COMPANY LAW REFORM - FURTHER DRAFT CLAUSES
RESPONSE ON BEHALF OF THE CHARITY LAW ASSOCIATION
INTRODUCTION
This response is sent on behalf of the Charity Law Association, by the Working Party which responded to the first set of draft clauses earlier this year. The members of the Working Party are:
Francesca Quint (barrister) 11 Old Square (Chair)
Neasa Coen (solicitor) Stone King
Jo Coleman (solicitor) Farrer & Co
Elizabeth Davis (partner) Blake Lapthorn Linnells
Malcolm Lynch (partner) Wrigleys
Andrew Studd (partner) Bates Wells & Braithwaite
Ben Maitland (trainee solicitor) Bates Wells & Braithwaite (Secretary).
There is relatively little in the new draft clauses which interacts with charity law or requires specialist comments from charity lawyers, and we have not commented in any detail on Parts N, O, P, R or S.
As we commented originally, the use of plain language and the increased flexibility and reduction in bureaucracy is most welcome. This is relevant in that many charities are run by volunteers without legal or commercial experience and the proposed reforms will make life much easier for them.
PART L
In particular the provisions of Part L are especially helpful in providing greater flexibility available to the Registrar in the filing of documents (see for example draft clause L13(2)), the informal correction of documents sent to the Registrar (draft clause L14), the giving of notice (draft clause L48) and the new ways of communicating with Companies House, including the emphasis on electronic communication.
PART M
The new exemption for all charitable companies from the requirement to include the word ‘Limited’ in a company’s name (draft clause M8, and see also draft clauses M9 and M10, which continue existing exemptions) are a welcome simplification. The provisions enabling a company’s name to be changed otherwise than by special resolution (draft clause M26) and enabling a conditional change of name to be effected by special resolution (draft Clause M28), are very helpful. The other provisions on company names are admirably clear, but one possibility which might streamline the arrangements would be to give the Charity Commission concurrent powers with the Secretary of State to require inappropriate names to be changed in the case of charitable companies. The Commission already has extensive powers in this respect under s 6 of the Charities Act 1993 and the Charities (Misleading Names) Regulations 1993), which extend to charitable companies, and we suggest that some thought be given to this.
PART Q
Part Q deals with the audit of companies’ accounts and contains some express references to charities. It is useful to have all the relevant provisions in one Part but it has to be said that, at least to the reader who is not an accountant at least, the new provisions appear needlessly complex. The exemption for small companies (as defined on Part G), which otherwise applies to companies with a turnover of up to £5.6m (see draft clause Q3), applies to charitable companies only where the gross income does not exceed £90,000. If the company is a group company, the group turnover cannot be more than £840,000 if the company in question is a charity, but may be up to £6.72m gross (draft clause Q5) otherwise. Draft clauses Q8 to Q13 restate the provisions which currently exempt charitable companies from the requirement to have their accounts audited (unless this is required by 10% of the members or by members holding 10% of the issued share capital (see draft clause Q2)). Where the company qualifies as a ‘small company’ this particular exemption applies if its balance sheet does not exceed £1.4m and its gross income is between £90,000 and £250,000. An accountant’s report will be acceptable in such cases in place of an audit, but under draft clause Q12 the accountant must belong to one of the qualifying bodies, which do not include CIPFA.

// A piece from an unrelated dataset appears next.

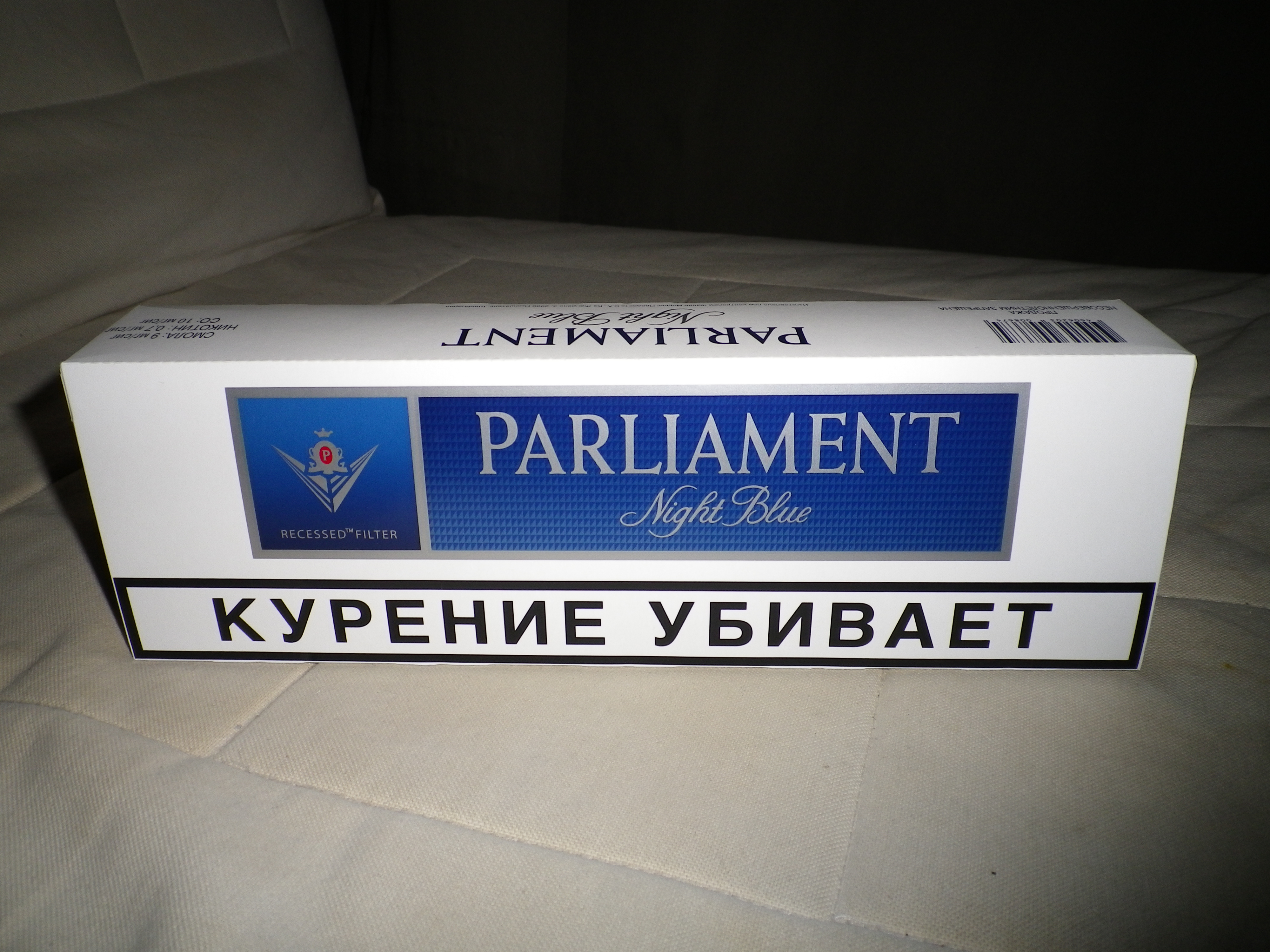 Block of Parliament Night Blue cigarettes(russian edition) Pentax Optio H90

7. These provisions should be revisited whether or not the Charities Bill becomes law before the proposed Company Law Reform Bill. Under clause 30 of the Charities Bill the £250,000 upper limit is to be increased to £500,000 and the balance sheet figure of £1.4m to £2.8m. This will necessitate a change to draft clause Q8 if the Charities Bill is passed. Where the charity is a ‘group company’, however, the figure of £840,000 gross for the group turnover is the revised amount which has yet to take effect under the new Charities Act, whereas the current limit is £420,000 gross. It seems therefore that draft clause 10 may need to be amended if the Charities Bill does not become law before the proposed Company Law Reform Bill.